**Exercise material**
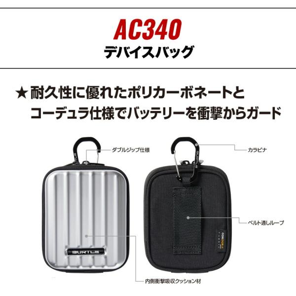 バートル デバイスバック AC340 耐久 衝撃 バッテリーケース ガード ケース 衝撃吸収 ダブルジップ カラビナ ユニセックス 男女兼用 バートル2022 春夏
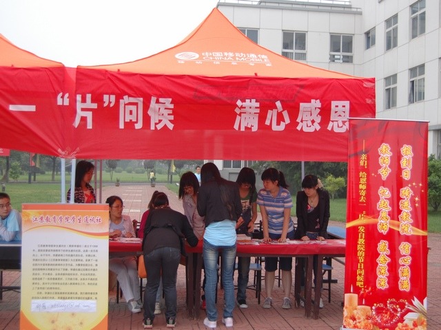 习习秋风,伴随着阵阵细雨,唤来了又一个清晨。天刚蒙蒙亮,江苏教育学院浦口校区南门前的广场上早已活跃起来。我们学通社的成员们也已齐聚于此,搬桌子、挂横幅、布置场地……按照既定计划,一切进行得有条不紊。
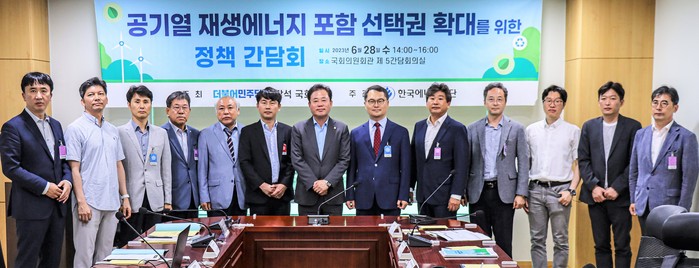 산업계 의견을 청취하기 위해 송갑석 의원은 28일 오후 2시 국회에서 '공기열 재생에너지 포함 선택권 확대'를 위한 정책 간담회를 개최했다.
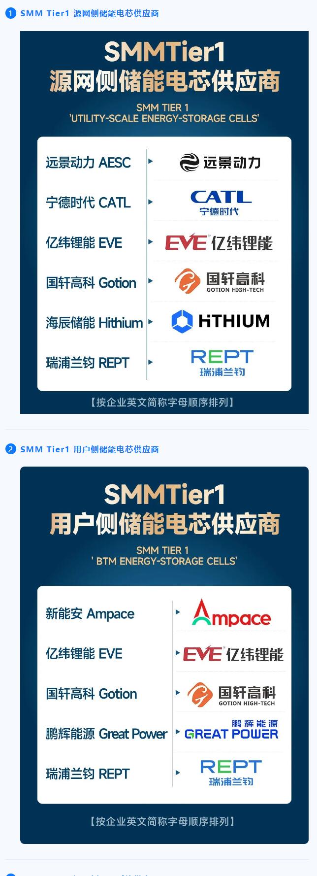 SMM Tier1源網側儲能電芯供應商/用戶側儲能電芯供應商評選:
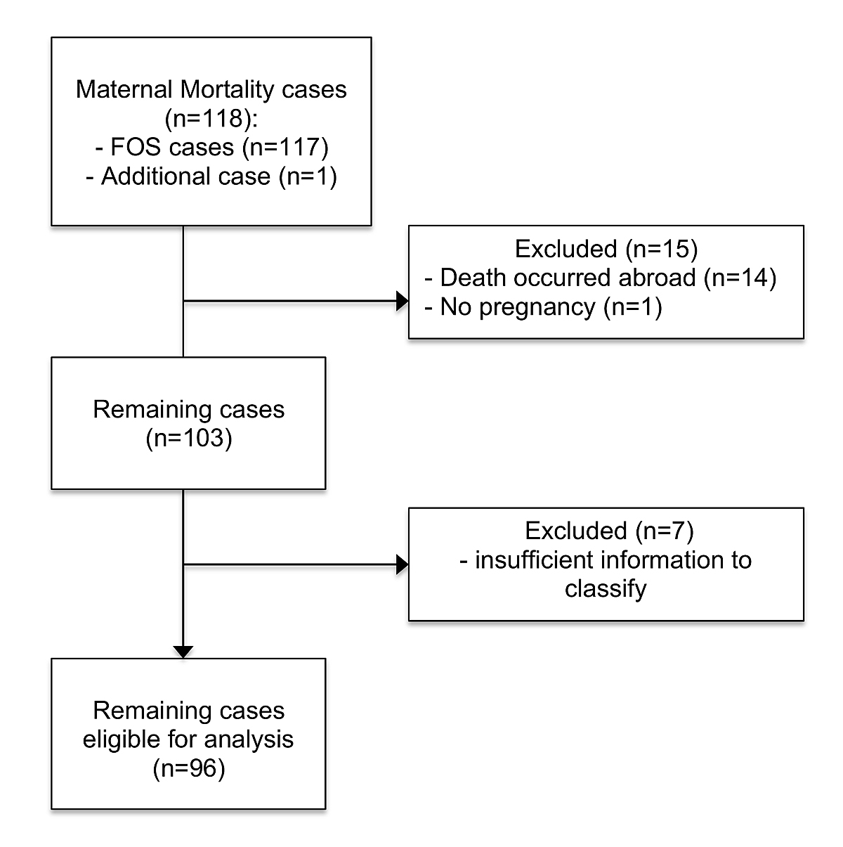 In total, 117 maternal deaths were reported to the FSO between 2005 and 2014 (fig. 1). One additional case was found by searching the archive of the IRM. The woman in question had an accident in the early weeks of pregnancy and therefore it can be classified as a pregnancy-independent case. Fourteen cases had to be excluded as a result of lack of information because the deaths had occurred abroad. The only information given for these cases was the ICD-code R99 (Other ill-defined and unspecified causes of mortality) and, in 13 cases, the time that had passed since childbirth (0–331 days). One other case was excluded as the autopsy stated that the woman was not pregnant at the time of her death and had not given birth in the previous year. Seven cases had to be excluded because only ICD-10 codes and no further detailed information on the circumstances of these deaths were available (table 1). Therefore, 96 cases were eligible for a detailed analysis.
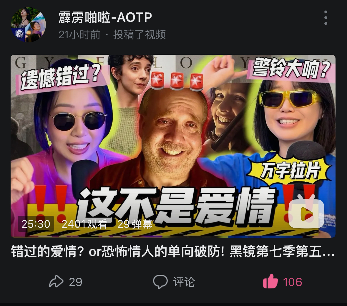 【Ep.46】“亲爱的,那不是爱情”《黑镜》第七季第5集,一部让人“又想骂又想分析”的分歧之作。是深情,还是怨气?是怀旧,还是自恋?他错过了她,还是他从没有真正“看见”她是谁?
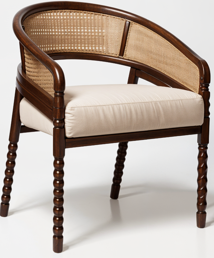 change backrest to rattan weaving for backrest wood finish twisted legs design wood finish
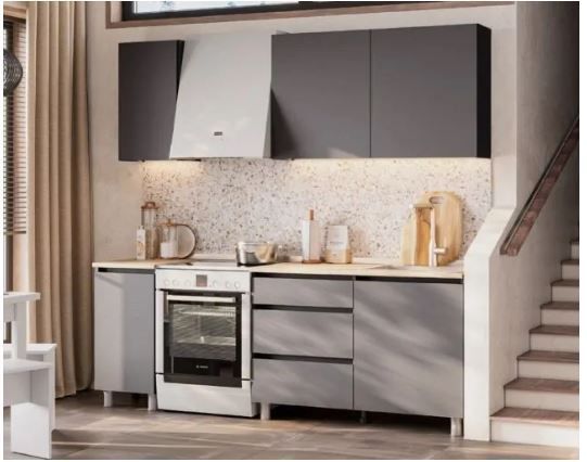 Кухонный гарнитур Den 1,6м выполнен в современном стиле лофта с контрастными акцентами белого корпуса и светло-коричневой столешницы. Прямая форма обеспечивает оптимальное использование пространства даже в небольших помещениях.
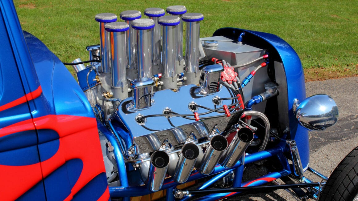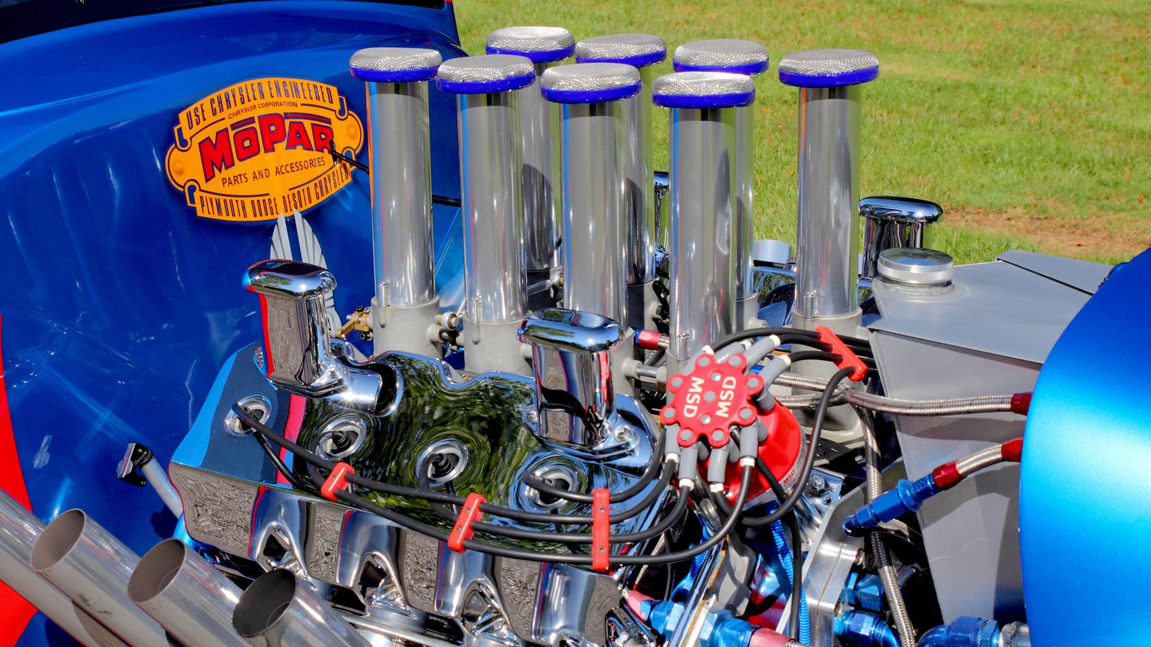 La carrosserie en acier a été personnalisée et montée sur un châssis tubulaire, mais ce qui attire le plus l’attention, c’est le moteur V8 Hemi 472ci niché entre la calandre et la carrosserie habitable dans l’empattement allongé. La compression 12:1, et les têtes en aluminium Keith Black, en sus d’accessoires chromés, de tuyaux de collecteurs de style zoomie déconcertants et d’une véritable injection mécanique Hilborn avec des hautes cheminées, sont un ode à la joie des Hot-Rodders. La transmission automatique Chrysler A727 TorqueFlite est soutenue par un pont arrière Moser de 9po avec des pièces Richmond 4.56: 1.
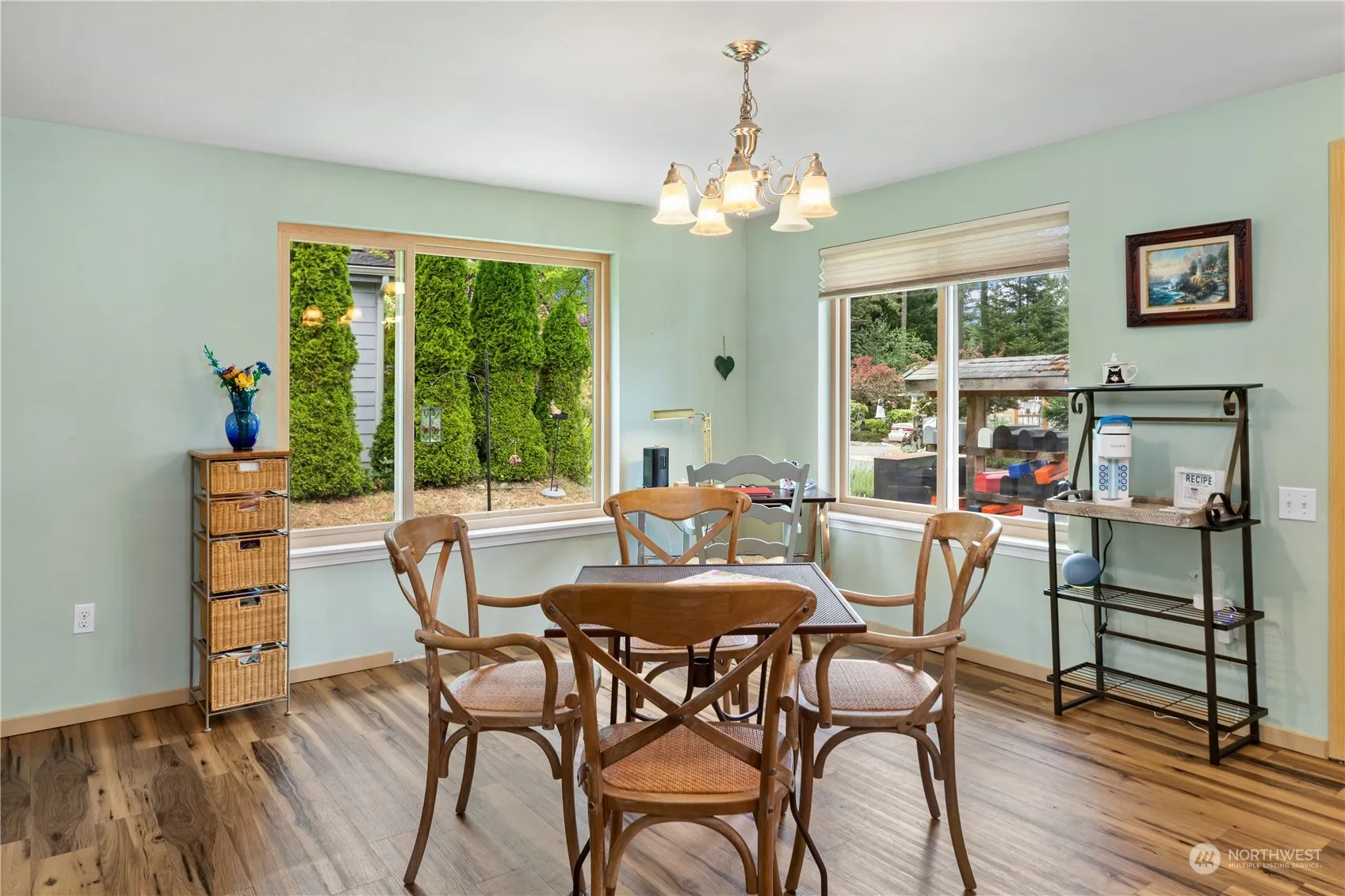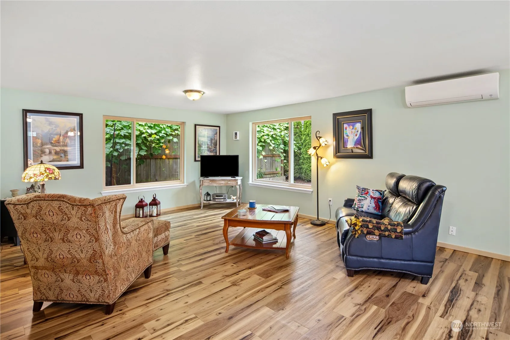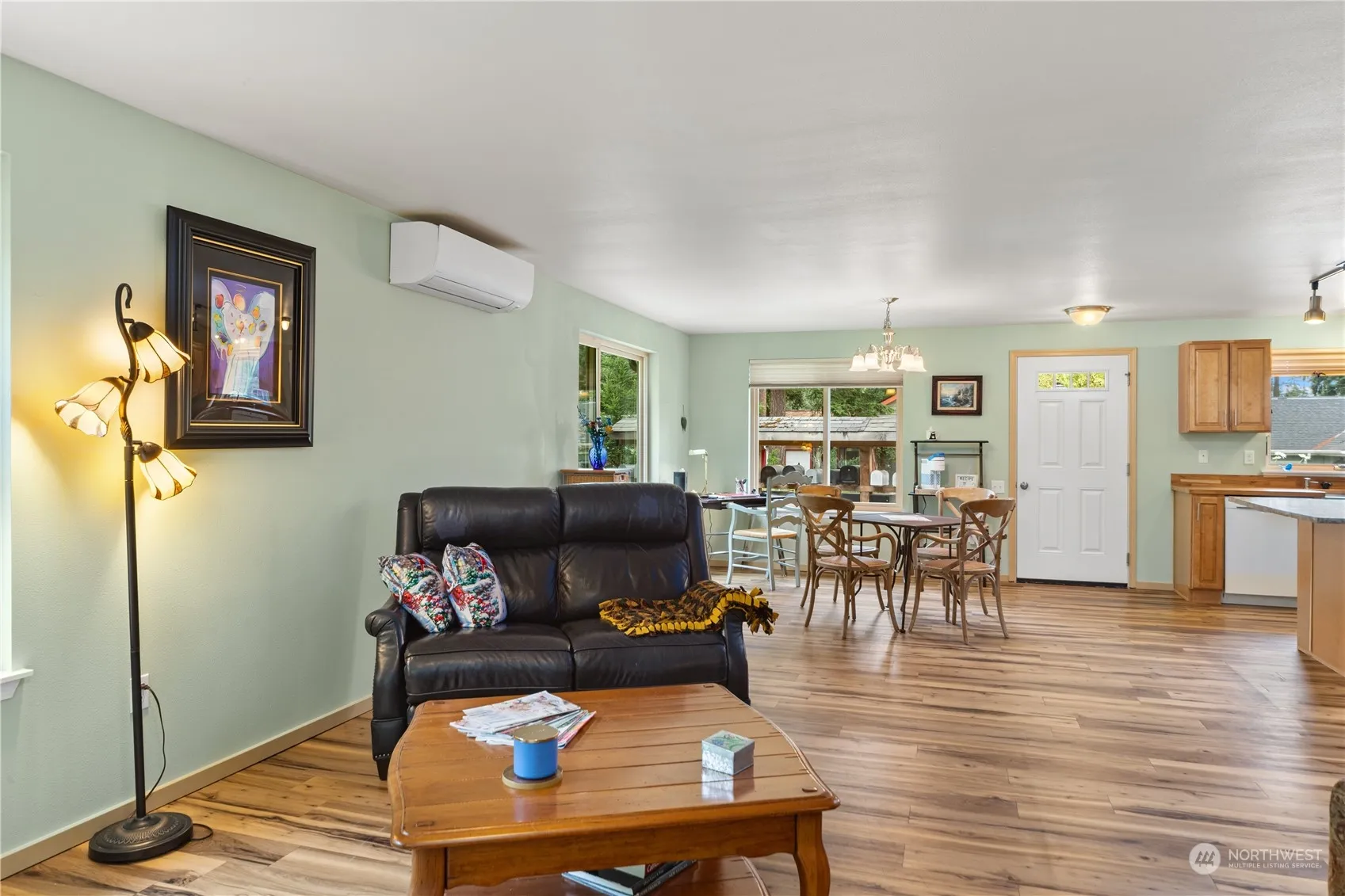 Rambler on nice corner lot! Handicapped accessible with no steps, even from entry & garage. ADA compliant; 36″ wide doors, wide hall, lower switches, lever doorknobs. Wonderful, open floor plan features newer triple-pane Anderson windows, waterproof plank flooring throughout, ductless heat pump for AC. Kitchen features butcher block counters, farm sink, breakfast bar and all appliances. The spacious primary bedroom has bathroom with roll-in shower. Bedrooms upgraded with Plantation shutters and both baths have been upgraded to high flush toilets. Cement siding with fresh paint and 2 car garage with new door. Hamilton Heights neighborhood has a play park, trails and RV parking. 2 miles to downtown Port Townsend.

**Required work**
Copy out the listing above in full and leave out its pictures.

**Output of the task**
 バートル デバイスバック AC340 耐久 衝撃 バッテリーケース ガード ケース 衝撃吸収 ダブルジップ カラビナ ユニセックス 男女兼用 バートル2022 春夏
 习习秋风,伴随着阵阵细雨,唤来了又一个清晨。天刚蒙蒙亮,江苏教育学院浦口校区南门前的广场上早已活跃起来。我们学通社的成员们也已齐聚于此,搬桌子、挂横幅、布置场地……按照既定计划,一切进行得有条不紊。
 산업계 의견을 청취하기 위해 송갑석 의원은 28일 오후 2시 국회에서 '공기열 재생에너지 포함 선택권 확대'를 위한 정책 간담회를 개최했다.
 SMM Tier1源網側儲能電芯供應商/用戶側儲能電芯供應商評選:
 In total, 117 maternal deaths were reported to the FSO between 2005 and 2014 (fig. 1). One additional case was found by searching the archive of the IRM. The woman in question had an accident in the early weeks of pregnancy and therefore it can be classified as a pregnancy-independent case. Fourteen cases had to be excluded as a result of lack of information because the deaths had occurred abroad. The only information given for these cases was the ICD-code R99 (Other ill-defined and unspecified causes of mortality) and, in 13 cases, the time that had passed since childbirth (0–331 days). One other case was excluded as the autopsy stated that the woman was not pregnant at the time of her death and had not given birth in the previous year. Seven cases had to be excluded because only ICD-10 codes and no further detailed information on the circumstances of these deaths were available (table 1). Therefore, 96 cases were eligible for a detailed analysis.
 【Ep.46】“亲爱的,那不是爱情”《黑镜》第七季第5集,一部让人“又想骂又想分析”的分歧之作。是深情,还是怨气?是怀旧,还是自恋?他错过了她,还是他从没有真正“看见”她是谁?
 change backrest to rattan weaving for backrest wood finish twisted legs design wood finish
 Кухонный гарнитур Den 1,6м выполнен в современном стиле лофта с контрастными акцентами белого корпуса и светло-коричневой столешницы. Прямая форма обеспечивает оптимальное использование пространства даже в небольших помещениях.
 La carrosserie en acier a été personnalisée et montée sur un châssis tubulaire, mais ce qui attire le plus l’attention, c’est le moteur V8 Hemi 472ci niché entre la calandre et la carrosserie habitable dans l’empattement allongé. La compression 12:1, et les têtes en aluminium Keith Black, en sus d’accessoires chromés, de tuyaux de collecteurs de style zoomie déconcertants et d’une véritable injection mécanique Hilborn avec des hautes cheminées, sont un ode à la joie des Hot-Rodders. La transmission automatique Chrysler A727 TorqueFlite est soutenue par un pont arrière Moser de 9po avec des pièces Richmond 4.56: 1.
 Rambler on nice corner lot! Handicapped accessible with no steps, even from entry & garage. ADA compliant; 36″ wide doors, wide hall, lower switches, lever doorknobs. Wonderful, open floor plan features newer triple-pane Anderson windows, waterproof plank flooring throughout, ductless heat pump for AC. Kitchen features butcher block counters, farm sink, breakfast bar and all appliances. The spacious primary bedroom has bathroom with roll-in shower. Bedrooms upgraded with Plantation shutters and both baths have been upgraded to high flush toilets. Cement siding with fresh paint and 2 car garage with new door. Hamilton Heights neighborhood has a play park, trails and RV parking. 2 miles to downtown Port Townsend.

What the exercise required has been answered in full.